But the process to make pure hydrogen and turn it into a useful product requires energy, and that energy may not always be clean. Natural gas is used to produce gray hydrogen, but the process emits carbon dioxide, exacerbating the climate change problem. When that carbon dioxide byproduct is captured or stored underground, the resulting hydrogen is referred to as “blue” hydrogen, which can be very clean and low in carbon. Biomass, ranging from wood chips to trash, can be chemically changed into biohydrogen, with or without carbon capture. Both these processes can generate very low-carbon hydrogen but require feedstocks (coal, methane, or municipal wastes) that must be mined, stored, shipped, and then converted, with the byproduct carbon dioxide stored underground.

In contrast, the production of green hydrogen requires only three things: fresh water, electrolyzers to split water into its atomic elements, and low-carbon electricity to power the process. It can therefore be produced from low-cost renewable power—namely, solar, wind, and hydro—and other ultra-low carbon electricity, such as nuclear power. Any location with enough fresh water and clean electricity options can become a hydrogen energy superstar. One unlikely example is Chile, which appears to have achieved the lowest generation cost so far because it has superb solar, wind, and hydropower resources—some of the best on earth. Chile has launched ambitious plans for green hydrogen products to generate ten percent of its GDP by 2040. In July, the EU announced a multibillion-dollar investment in green hydrogen production in Namibia, which also has exceptional solar and wind resources. The hydrogen will be used to make ammonia, which will be shipped to Europe and used for energy and food production. It should also produce jobs and new wealth for Namibians.

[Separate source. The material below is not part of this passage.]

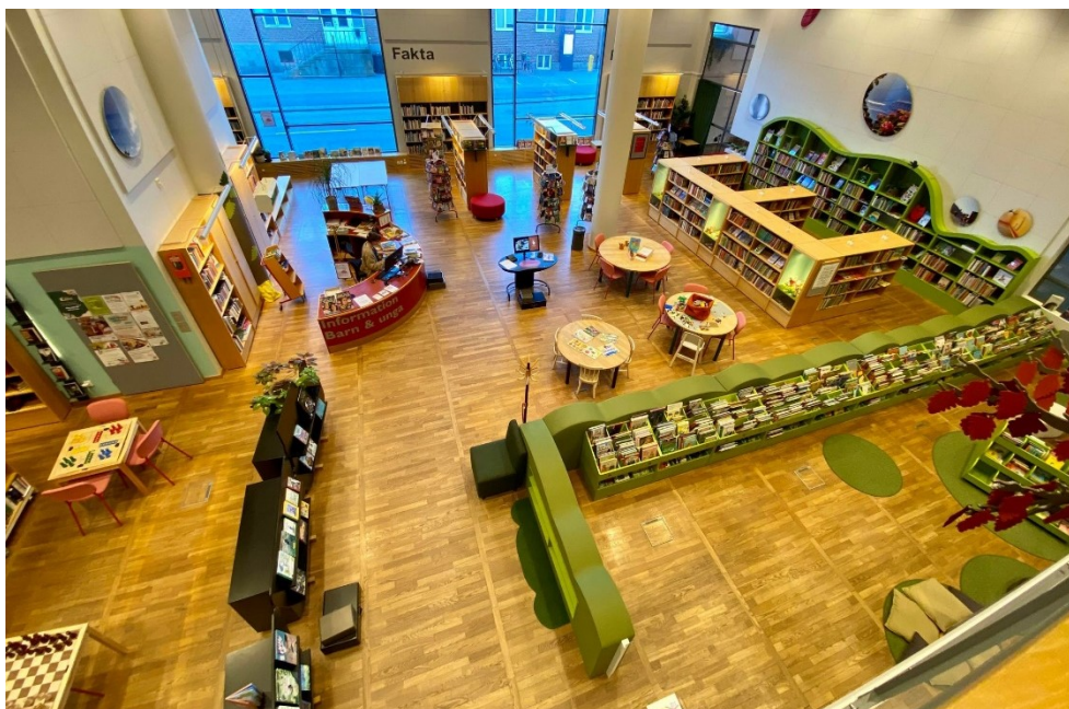
Bilde 1 – Barneavdelinga.

Under kan du sjå to bilde tatt i frå andre etasje som viser barneavdelinga og ungdomsavdelinga.

At least 35 countries across the globe have developed formal hydrogen strategies.

Described as a sort of Swiss Army knife for climate change, hydrogen has potential applications in electricity generation, transportation, and agribusiness. But the most promising application for green hydrogen is heavy industry. Manufacturing of concrete, steel, and chemicals is a huge source of global emissions. These hard-to-decarbonize sectors can’t run on electricity easily or at all. Their range of potential alternative fuels is small, and almost all continue to emit greenhouse gases. For these sectors, hydrogen and its derivative products will be extremely attractive when venting greenhouse gases is no longer accepted or allowed. An example of what the future could look like is the HYBRIT—“hydrogen breakthrough ironmaking technology”—steel plant in Sweden, which has produced the first fossil-free steel using green hydrogen from hydro and nuclear power. HYBRIT is such a rip-roaring success that Sweden’s national steel company has announced that it is replacing all its blast furnaces with similar green-hydrogen-fueled systems.

The eventual price of green hydrogen may be the secret to its success. Most experts agree that between 2030 and 2040, green hydrogen will be produced in many major markets below $2 per kilogram. While this is still roughly 50 to 100 percent more than what gray hydrogen costs today, it is an acceptable cost for many industries and countries. Chile has already declared that it can make hydrogen below $2 per kilogram, and that may soon be true of western Saudi Arabia and northwest Australia, where mammoth projects are under development to produce green hydrogen and ammonia. Projects in the works in Canada, Colombia, the United Kingdom, and the United States also reflect the expectation that demand for clean hydrogen will grow and costs will eventually come way down.

THE DRAWBACKS

Like all other solutions that promise lower greenhouse gas emissions, green hydrogen faces substantial obstacles to quickly scaling up. The biggest is the lack of infrastructure. The United States has only about 1,000 miles of hydrogen pipelines, a relatively meager amount. (It has 100 times more natural gas pipeline miles, which cannot be readily reused for hydrogen.) There is also the problem of power transmission. Chokepoints in the electric grid limit the ability not only to add renewable power but also to bring it to urban and industrial centers, where the electricity-intensive electrolyzers must operate.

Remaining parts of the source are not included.